As China gradually embraces the roles and responsibilities of the world’s biggest economy as well, it is increasingly reversing that flow of cash and is expected to soon surpass the U.S. as the largest investor in other countries.

The inauguration of the China-led Asian Infrastructure Investment Bank, a rival to the World Bank and International Monetary Fund, is a sign of that, with its $100 billion in financial firepower, as is the new China-Pakistan Economic Corridor (CPEC), which will run from Gwadar in Pakistan to China’s western Xinjiang region, supported by a historical agreement of over $46 billion.

Indeed, the amount of investments made by China abroad is estimated to be $531 billion in outward foreign direct investment, with 4 percent of it—$22 billion—going to investments in natural resource extraction, finance, infrastructure, power generation, textiles, and home appliances in Africa.

That’s a small sum at first glance, but its economic impact to the region is both huge and far-reaching, especially in Sub-Saharan Africa, with the biggest investments made in Nigeria, Sudan, South Africa, and Angola.

In addition to investment projects, China has quickly become the continent’s biggest trading partner, with trade volume of $166 billion in 2014. This is likely to continue to increase and reach an estimated $1.7 trillion by 2030. But despite the substantial investments, most of them have been routinely cast as detrimental to Africa’s overall competitiveness.

The projects are dependent on deals made at the highest political levels. They lack competitive and transparent bidding processes, and most of the work force employed at these ventures has been Chinese. Promises of job creation have not been fulfilled. Further, when Africans are hired, local rules and regulations are often flouted, leading at times to poor safety.

For instance, at Chinese-run mines in Zambia’s copper belt, employees must work for two years before they get safety helmets. Ventilation below ground is poor, and deadly accidents occur almost on a daily basis.

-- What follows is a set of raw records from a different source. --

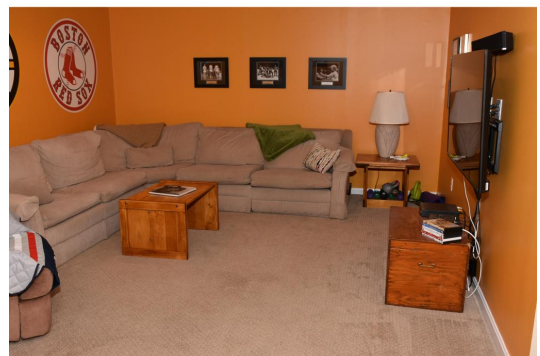
Finished Lower Level "Mancave"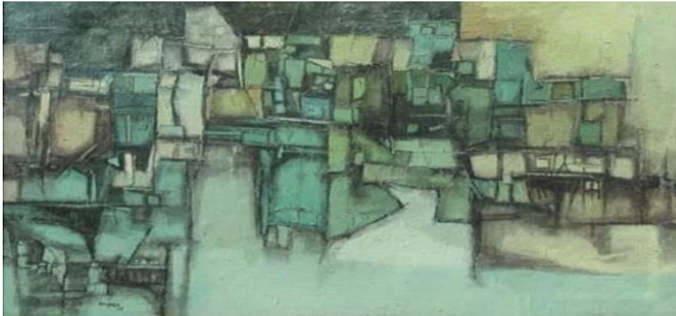
Fig.1 Title-Varanasi 1960,Medium-oil on canvas, Size-94x 134cm

important to develop spiritual thoughts, optimism perspective and vision as he agreed that Banaras is important also for me both as an artist as well as a human being. he collected many no. of the places that he represents on canvas as well on paper with different types of medium and a kind of bird's eye view he destroyed reality and found a new direction for abstract. His experience from ingeniousness had a different kind of language and style which emerged during the painting of Banaras ke Ghat.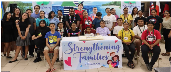
1 st Cohort of SFP Graduates in PCC Assembly Hall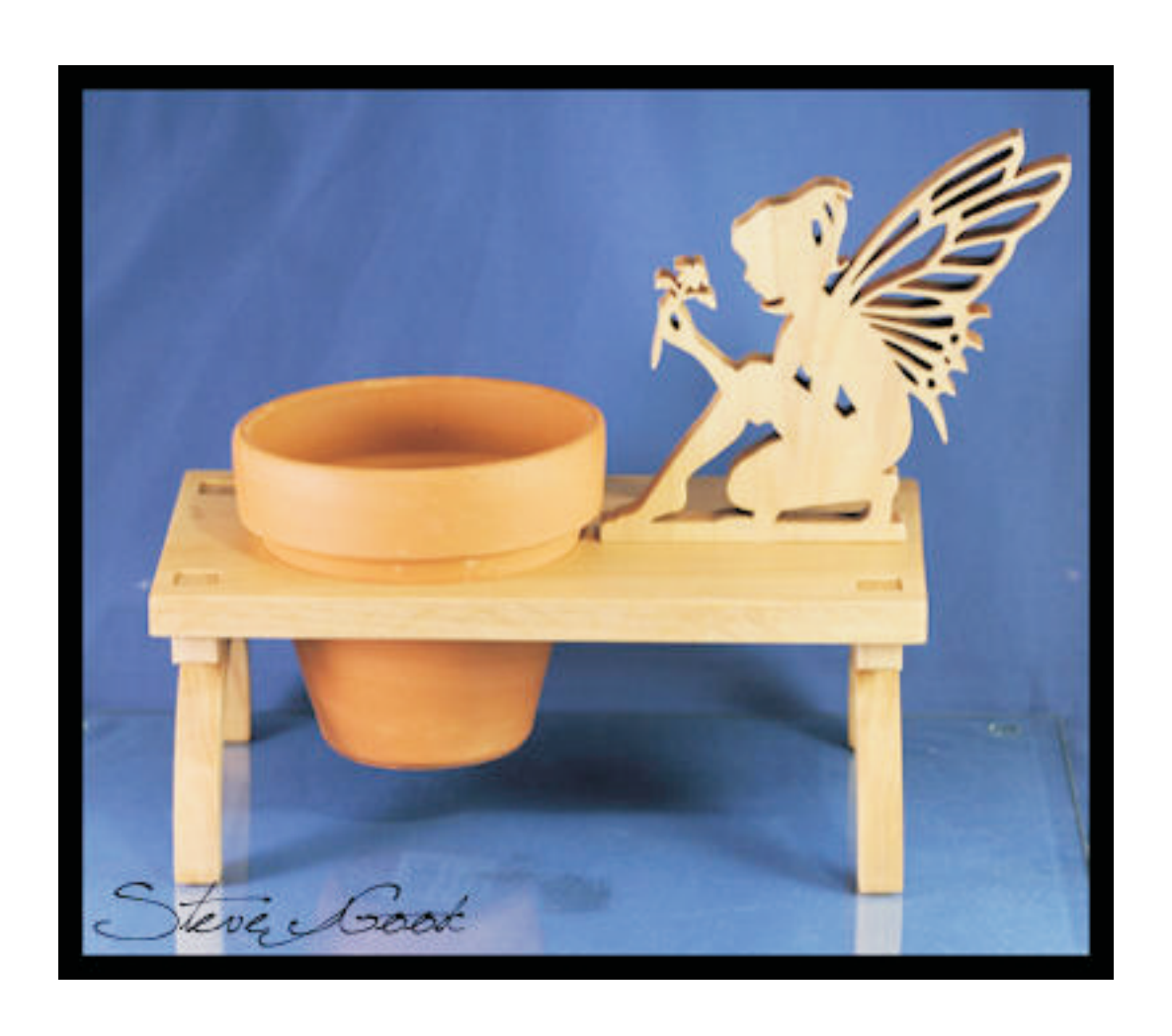
Requires a 4" clay flower pot.

More frequently, jobs are lost to Chinese employees, who are ferried in project by project. For example, the growing Chinese presence in South Africa may have cost the country 75,000 jobs from 2000 to 2011.

In Nigeria, the influx of low-priced Chinese textile goods has caused 80 percent of Nigerian companies in this industry to close.

Africans' impression of Chinese firms could also be shaped by illegal practices carried out by them.

For example, by law, mining on small plots of 25 acres or less is restricted to Ghanaian nationals. However, many Chinese continue to explore for gold in conjunction with local landowners, even though regulations have made it clear that such practice is illegal. The result: Many Africans see themselves to be exploited by the newcomers.

Perhaps making matter worse, the kinds of goods that the two partners trade with each other have done little to change such perception.

Whereas China buys from Africa mainly natural resources—minerals and metals—African countries import primarily the finished results, ranging from machinery and electrical goods to plastics and rubber.

Such an arrangement could benefit both parties, but it’s more often seen as China exploiting Africa’s natural resources to feed its need for industrial output. At the same time, by exporting cheap—and often shoddy—manufactured goods to African countries, local companies not only become less competitive but they also grow increasingly dependent on China.

Recent research has also suggested that the Chinese presence has failed to bring significant skill developments, adequate technological transfer or any measurable upgrade to the productivity levels to this part of the world.